However, after the model continued learning (~900,000 training points), the receptive fields adapted to a width more appropriate for the second function (Figure 7). When the switch was from a less complex to a more complex function, the receptive fields stayed narrow compared to just before the switch. However, when the switch was from a more to less complex function, the receptive fields eventually grew wider, despite having narrowed earlier just after the switch. We divided the data into two groups, more-to-less complex and less-to-more complex, each with three samples. ANOVA tests of the mean receptive field widths showed a more significant difference between the two groups in the long-term (p = 0.029) than in the short-term (p = 0.049).
The results of these LWPR simulations outline a succession of observations. First, this radial basis function network with both adaptable receptive field widths and weights is capable of learning functions of varying spatial complexities with a distinct, consistent strategy, in which larger errors induce narrowing of receptive fields, while smaller errors lead to widening of receptive fields. This relationship between local error magnitude and updates to receptive field widths becomes less pronounced as training progresses, but remains present throughout the duration of learning.
Secondly, this relationship with experienced error by which the widths of the receptive fields are adapted lends to the model inherently different means for learning functions of different complexities.

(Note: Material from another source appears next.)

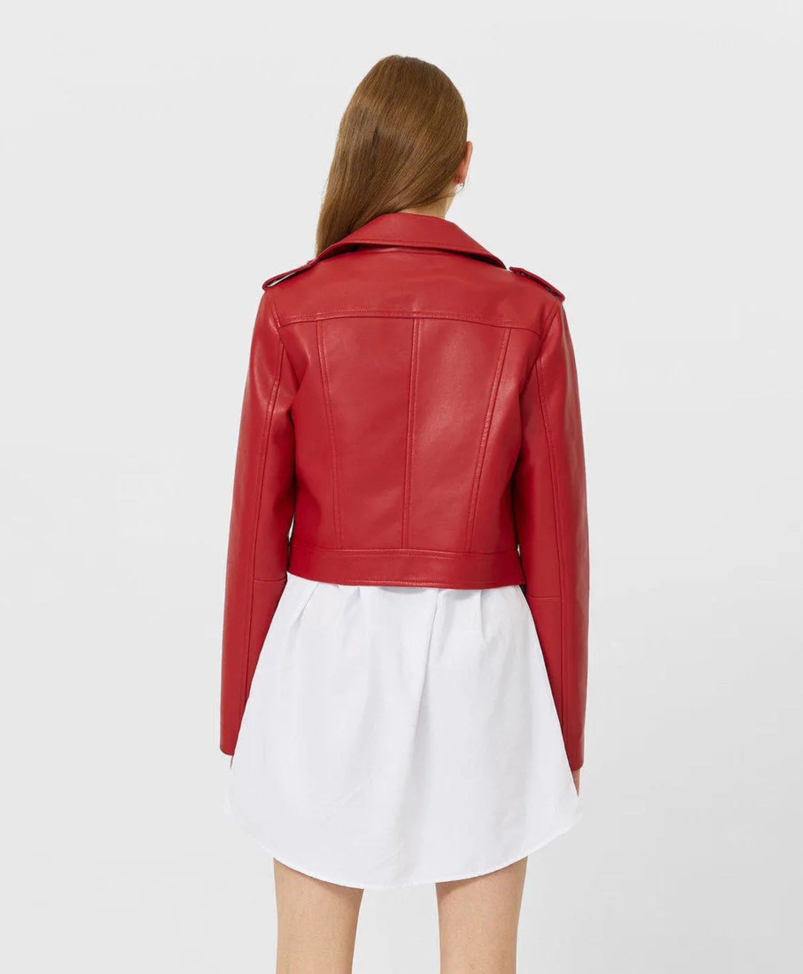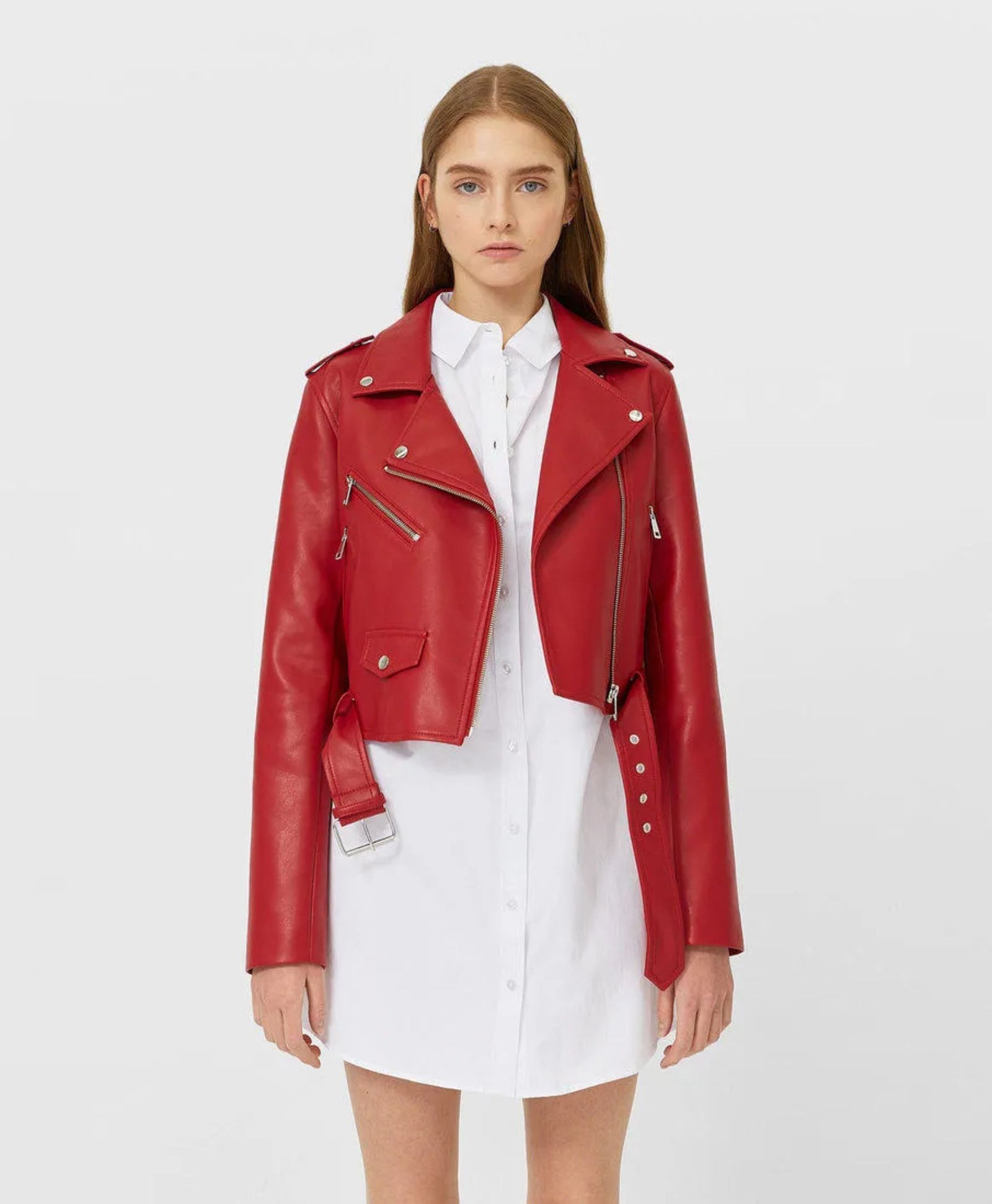 Designed with a biker jacket silhouette, the piece features an asymmetrical zipper closure paired with a notch style collar for a sleek and edgy finish. The belted waistline enhances the fit, allowing for a flattering and adjustable shape. Full length sleeves with YKK zipper cuffs add both functionality and style, while the vibrant red color brings a confident and eye catching presence to any outfit. With two side pockets and two inner pockets, you get practical storage without compromising the clean and structured look.

Simpler functions tend to be easier to learn than complex functions, eliciting smaller errors. As a result, when learning simpler functions, the LWPR model ends up with relatively wide receptive fields. On the other hand, complex functions necessitated narrower, more specific receptive fields by the model. Together, these results illustrate the innate advantage of being able to generalize more under simpler spatial constraints when such broadness is economically affordable, and being able to increase the specificity of the model's underlying structure when demanded by a more complex, spatially dynamic environment.
Finally, the immediate decrease in receptive field widths following any switch in environmental complexity is a novel behavior that appears inherent to a model of this form. This unique observation is clearly an effect of the aforementioned relationship between experienced local error and updates to receptive field width; the initial spike in error caused by a sudden switch in task would intuitively induce a narrowing of receptive fields, which can only begin to approach more task-appropriate widths once performance has begun to stabilize. When conditions become more complex, long term adaptation of receptive field widths yield consistently narrower widths compared to before the switch. Conversely, when conditions become less complex, long term adaptation produces wider receptive fields. There is a clear qualitative difference in the overall trend of receptive field changes depending on the relative shift in complexity, indicating that the model behaves very differently between learning a new field that is more or less complex.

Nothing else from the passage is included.